ComfyUI>Workflows>Fantasy Portrait | Expressive Photo Animation

Fantasy Portrait | Expressive Photo Animation

Workflow Name: RunComfy/Fantasy-Portrait

Workflow ID: 0000...1268

Turn any single photo into an expressive portrait animation with identity-accurate motion, adjustable framing, and cinematic expression quality.

Fantasy Portrait: Expression-rich portrait animation in ComfyUI

This workflow turns a single still image into a high-fidelity Fantasy Portrait animation. It integrates the Fantasy-AMAP FantasyPortrait model with expression-augmented diffusion transformers and wraps it in a Wan Video 2.1 image-to-video pipeline, so you can generate identity-preserving, emotion-dense talking shots with minimal setup. It is designed for creators who want cinematic Fantasy Portrait motion from a single photo, with clear controls for framing, duration, and style.

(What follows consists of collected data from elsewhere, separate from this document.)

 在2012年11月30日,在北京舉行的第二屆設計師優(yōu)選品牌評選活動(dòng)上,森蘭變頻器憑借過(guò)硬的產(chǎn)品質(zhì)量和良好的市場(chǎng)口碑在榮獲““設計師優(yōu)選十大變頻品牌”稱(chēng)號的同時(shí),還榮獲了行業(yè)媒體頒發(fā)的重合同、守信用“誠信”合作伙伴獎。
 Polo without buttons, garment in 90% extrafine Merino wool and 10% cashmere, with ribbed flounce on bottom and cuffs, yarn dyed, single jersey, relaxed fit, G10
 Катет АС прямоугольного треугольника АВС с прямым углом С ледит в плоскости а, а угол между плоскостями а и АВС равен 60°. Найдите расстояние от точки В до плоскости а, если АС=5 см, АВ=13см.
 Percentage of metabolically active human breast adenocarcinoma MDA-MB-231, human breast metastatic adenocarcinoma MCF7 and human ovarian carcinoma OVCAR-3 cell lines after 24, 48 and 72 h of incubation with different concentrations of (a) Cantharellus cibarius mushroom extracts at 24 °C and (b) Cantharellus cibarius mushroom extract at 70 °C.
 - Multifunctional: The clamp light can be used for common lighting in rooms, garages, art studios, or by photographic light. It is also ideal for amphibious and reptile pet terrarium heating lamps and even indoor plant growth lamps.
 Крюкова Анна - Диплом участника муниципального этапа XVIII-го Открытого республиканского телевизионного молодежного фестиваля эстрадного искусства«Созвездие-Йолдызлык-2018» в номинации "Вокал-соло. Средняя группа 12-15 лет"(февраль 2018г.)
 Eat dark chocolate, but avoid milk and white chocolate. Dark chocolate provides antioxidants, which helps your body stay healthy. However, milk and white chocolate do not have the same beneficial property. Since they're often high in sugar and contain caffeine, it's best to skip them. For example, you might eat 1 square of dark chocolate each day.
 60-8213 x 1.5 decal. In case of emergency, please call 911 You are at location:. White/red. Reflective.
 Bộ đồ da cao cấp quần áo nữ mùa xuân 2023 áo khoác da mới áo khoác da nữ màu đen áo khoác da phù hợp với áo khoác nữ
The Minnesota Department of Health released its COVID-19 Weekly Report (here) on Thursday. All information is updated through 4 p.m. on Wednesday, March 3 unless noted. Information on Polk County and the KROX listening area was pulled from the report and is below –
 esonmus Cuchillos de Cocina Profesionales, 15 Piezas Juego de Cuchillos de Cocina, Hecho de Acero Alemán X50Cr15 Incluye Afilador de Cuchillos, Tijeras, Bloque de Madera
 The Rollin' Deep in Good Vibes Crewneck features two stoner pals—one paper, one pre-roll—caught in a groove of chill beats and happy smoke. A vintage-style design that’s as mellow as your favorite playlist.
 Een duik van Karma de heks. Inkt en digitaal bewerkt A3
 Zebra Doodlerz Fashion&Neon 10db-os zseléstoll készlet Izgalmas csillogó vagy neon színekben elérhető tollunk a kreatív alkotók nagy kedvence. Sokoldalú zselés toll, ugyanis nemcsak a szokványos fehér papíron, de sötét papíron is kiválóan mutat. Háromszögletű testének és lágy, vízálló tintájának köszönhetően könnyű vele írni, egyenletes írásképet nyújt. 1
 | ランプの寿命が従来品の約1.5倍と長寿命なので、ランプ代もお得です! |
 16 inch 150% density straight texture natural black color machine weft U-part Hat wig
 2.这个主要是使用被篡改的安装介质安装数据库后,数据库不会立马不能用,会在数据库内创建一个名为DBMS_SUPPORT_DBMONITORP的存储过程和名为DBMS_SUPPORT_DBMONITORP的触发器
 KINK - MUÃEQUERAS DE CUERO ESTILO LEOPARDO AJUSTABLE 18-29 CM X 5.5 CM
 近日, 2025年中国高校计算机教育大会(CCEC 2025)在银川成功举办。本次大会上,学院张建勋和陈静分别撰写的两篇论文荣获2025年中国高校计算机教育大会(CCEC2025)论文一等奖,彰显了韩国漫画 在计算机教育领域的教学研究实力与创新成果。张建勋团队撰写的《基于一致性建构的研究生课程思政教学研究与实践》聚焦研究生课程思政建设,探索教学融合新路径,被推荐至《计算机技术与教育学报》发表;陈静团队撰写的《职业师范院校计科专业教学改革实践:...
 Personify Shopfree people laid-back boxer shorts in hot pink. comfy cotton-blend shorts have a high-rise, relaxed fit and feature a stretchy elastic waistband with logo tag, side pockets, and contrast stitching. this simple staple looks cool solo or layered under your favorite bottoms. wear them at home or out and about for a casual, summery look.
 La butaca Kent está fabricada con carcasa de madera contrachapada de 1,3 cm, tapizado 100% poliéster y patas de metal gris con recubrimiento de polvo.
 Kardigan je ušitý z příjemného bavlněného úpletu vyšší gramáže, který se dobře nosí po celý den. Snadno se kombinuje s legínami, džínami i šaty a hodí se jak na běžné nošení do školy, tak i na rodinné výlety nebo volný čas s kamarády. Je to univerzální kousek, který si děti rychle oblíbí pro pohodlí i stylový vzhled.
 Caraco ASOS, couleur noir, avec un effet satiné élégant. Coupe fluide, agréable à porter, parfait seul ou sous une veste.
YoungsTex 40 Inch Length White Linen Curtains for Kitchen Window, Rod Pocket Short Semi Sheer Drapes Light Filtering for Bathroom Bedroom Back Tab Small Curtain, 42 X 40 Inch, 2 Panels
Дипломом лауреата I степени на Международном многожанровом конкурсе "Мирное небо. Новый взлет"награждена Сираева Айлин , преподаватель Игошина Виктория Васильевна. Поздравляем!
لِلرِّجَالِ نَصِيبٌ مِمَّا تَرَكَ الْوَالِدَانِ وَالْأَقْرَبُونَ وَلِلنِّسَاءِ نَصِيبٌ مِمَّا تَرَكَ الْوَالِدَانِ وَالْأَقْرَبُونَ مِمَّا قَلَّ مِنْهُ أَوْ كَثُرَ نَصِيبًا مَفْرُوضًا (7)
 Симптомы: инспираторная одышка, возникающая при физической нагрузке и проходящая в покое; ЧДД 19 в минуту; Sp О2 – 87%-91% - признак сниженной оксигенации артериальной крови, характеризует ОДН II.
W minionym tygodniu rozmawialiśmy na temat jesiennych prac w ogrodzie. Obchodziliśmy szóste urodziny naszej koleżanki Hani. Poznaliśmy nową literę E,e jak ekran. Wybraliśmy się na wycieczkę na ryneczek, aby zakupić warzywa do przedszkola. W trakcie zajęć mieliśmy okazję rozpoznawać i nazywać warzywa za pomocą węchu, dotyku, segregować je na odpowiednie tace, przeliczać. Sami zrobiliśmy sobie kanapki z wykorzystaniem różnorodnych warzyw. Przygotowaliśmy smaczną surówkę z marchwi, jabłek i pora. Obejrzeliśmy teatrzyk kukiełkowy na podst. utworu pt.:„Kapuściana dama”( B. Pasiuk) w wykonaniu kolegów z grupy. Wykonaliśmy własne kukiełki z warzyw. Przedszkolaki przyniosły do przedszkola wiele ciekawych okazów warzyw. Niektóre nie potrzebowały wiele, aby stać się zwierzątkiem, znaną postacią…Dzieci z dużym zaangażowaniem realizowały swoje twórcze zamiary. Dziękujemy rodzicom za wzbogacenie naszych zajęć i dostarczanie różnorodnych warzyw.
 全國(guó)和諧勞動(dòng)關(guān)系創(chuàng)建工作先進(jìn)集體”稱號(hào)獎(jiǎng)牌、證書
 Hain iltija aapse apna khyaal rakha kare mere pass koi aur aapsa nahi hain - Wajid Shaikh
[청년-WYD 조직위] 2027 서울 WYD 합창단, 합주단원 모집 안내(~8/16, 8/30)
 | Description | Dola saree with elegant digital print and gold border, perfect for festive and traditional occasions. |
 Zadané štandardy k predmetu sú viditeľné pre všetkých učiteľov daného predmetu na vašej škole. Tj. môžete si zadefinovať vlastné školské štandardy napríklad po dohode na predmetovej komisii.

The pipeline is fully automated: drop in a portrait, choose your resolution and frame count, optionally add a prompt and LoRA, then render to MP4. Under the hood, the graph detects the face, encodes image and text guidance, fuses Fantasy Portrait identity embeddings into Wan’s I2V conditioner, samples a video, and decodes frames before saving the final clip.

Key models in ComfyUI Fantasy Portrait workflow

FantasyPortrait (Fantasy-AMAP)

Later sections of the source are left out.